Ten tweede: in de natiestaat hebben we ingezet op publieke dienstverlening en de markt als organisatieprincipe. Dat is geen onverdeeld succes: de econoom Nicolas Stern noemde klimaatverandering ‘het grootste marktfalen ooit’. Ondertussen hebben we de commons veronachtzaamd, de gebieden waar iedereen toe behoort (de lucht, zeeën …), maar waar niemand het rentmeesterschap voor opneemt.
Drie: sinds de moderniteit gaan we ervan uit dat steeds meer produceren en consumeren een goede zaak is. Dat we daarbij verarmen door natuurlijke rijkdommen te vernietigen was bijzaak.

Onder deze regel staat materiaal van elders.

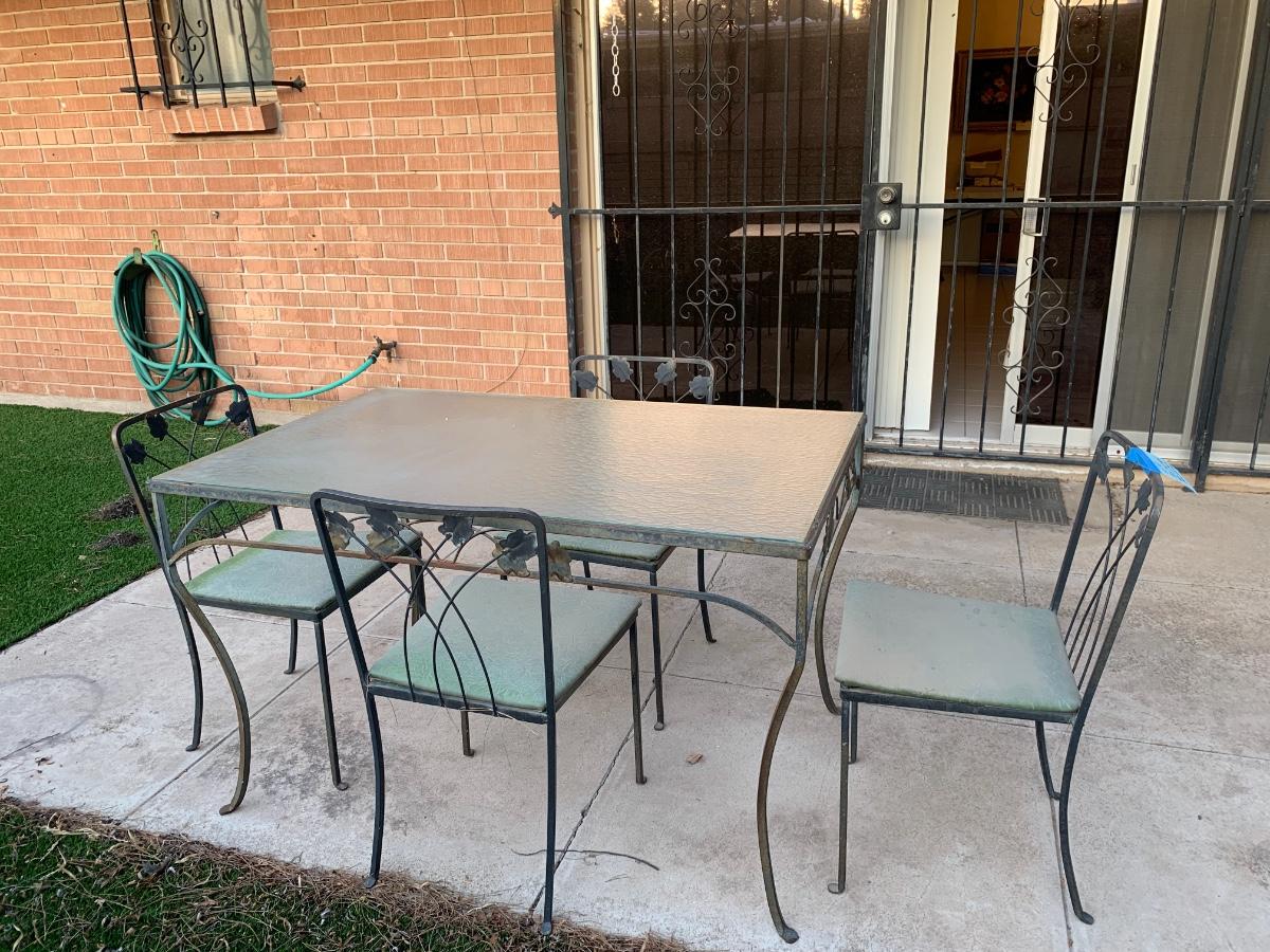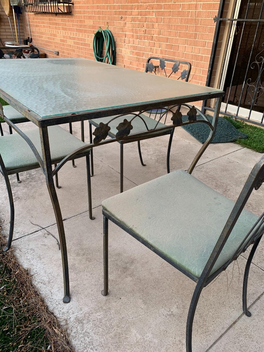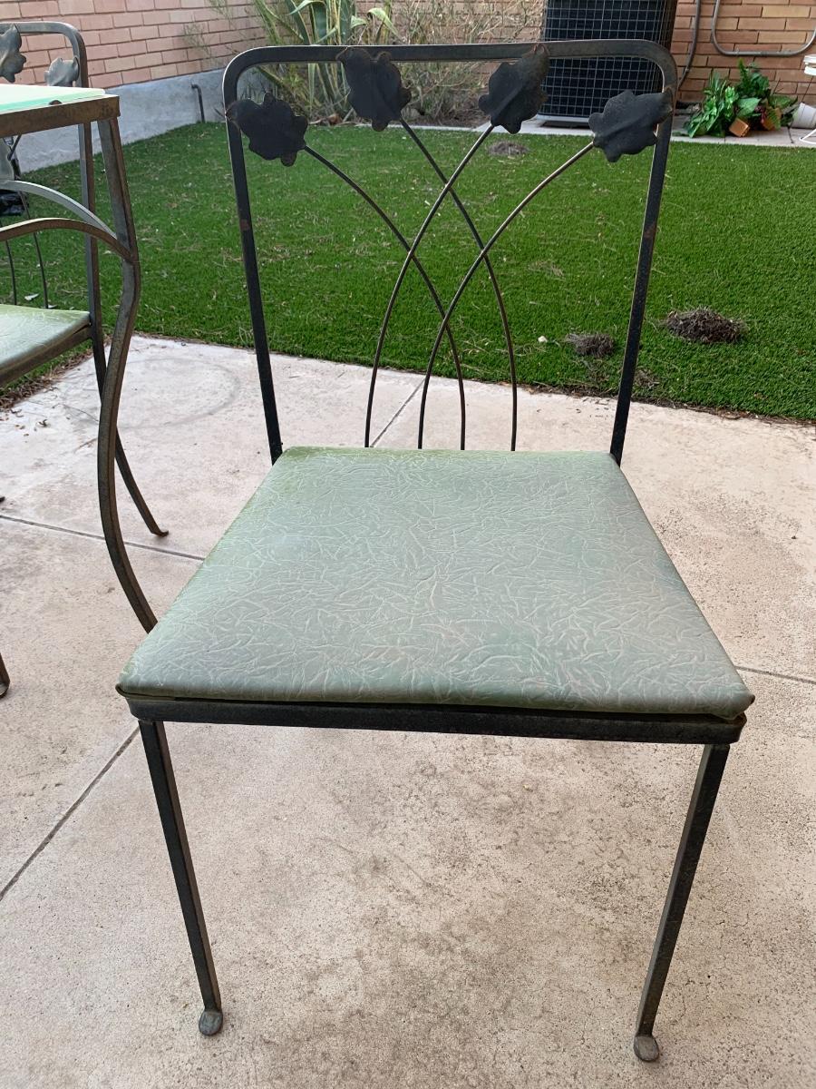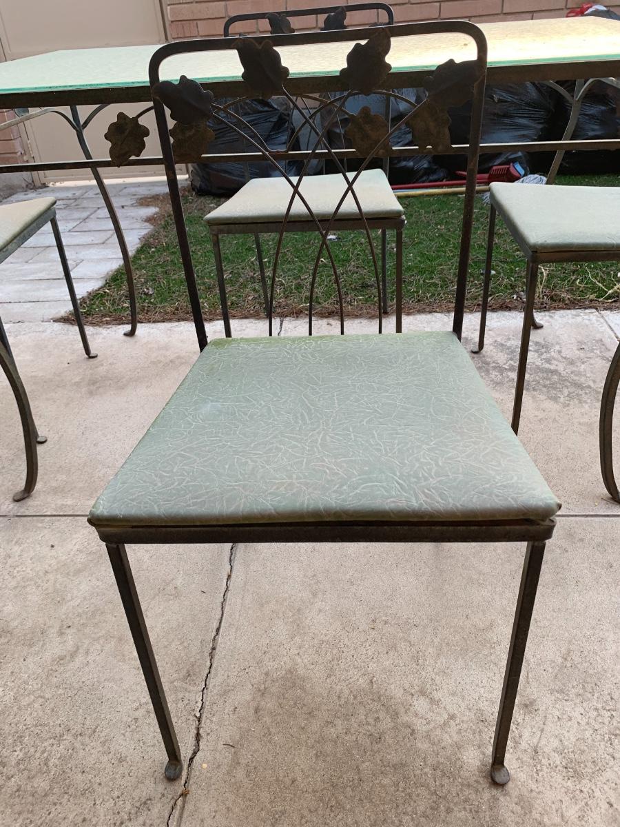 Metal table and 4 chairs with leaf design and green vinyl pads. Table has tempered glass top. Fair Condition.

Een ander sociaal contract zal leiden tot een fundamenteel andere samenleving, wat ik illustreer aan de hand van enkele domeinen.
Gemeenschappelijke tafel
De vertegenwoordigende democratie botst op haar limieten. Dat inzicht groeit, velen willen de burger actiever betrekken. We spreken over een langdurig proces van politieke dialoog. Dat kan in ons land aansluiten bij de G1000, de oefening in democratische vernieuwing. De opgave nu is veel groter. Zelfs mét regeringen bereiken we geen oplossingen meer. Door zo veel mogelijk burgers te betrekken, kunnen we het gemeenschapsvormende van het politieke herontdekken en verschillen overbruggen. Als mensen, elk met een eigen achtergrond, hun ding op tafel leggen, zitten ze wel aan een gemeenschappelijke tafel. En die ontbreekt nu, ook tussen Angela Merkel en het oosten van Duitsland, Emmanuel Macron en het Franse platteland, de Wetstraat en Ninove.
Sociale rechtvaardigheid
Een nieuw sociaal contract zal alleen steun krijgen als het uitgaat van gelijkheid en fairness. Als topmanagers in acht dagen evenveel verdienen als een doorsnee werknemer in een jaar, is er van samenleven niet veel sprake. In dat geval zullen de klimaatstormen zich afwisselen met tornado’s van protest. Het 19deeeuwse vooruitgangsmodel moet omgezet worden in een 21steeeuws evenwichtsmodel dat de middelen waarover we beschikken eerlijk deelt.
Gedurfd monetair beleid
Het is een veelgehoord argument: de duurzaamheidstransitie kost veel geld en dat hebben we niet. Die redenering klopt als private banken de hoofdrol spelen in de geldwereld. Hoe gek dat wel is, toont de wijze waarop we de financieeleconomische crisis hebben opgelost. Staten hebben zich dieper in de schulden gestoken om banken niet te laten omvallen. Kostenplaatje voor België: 100 miljard euro.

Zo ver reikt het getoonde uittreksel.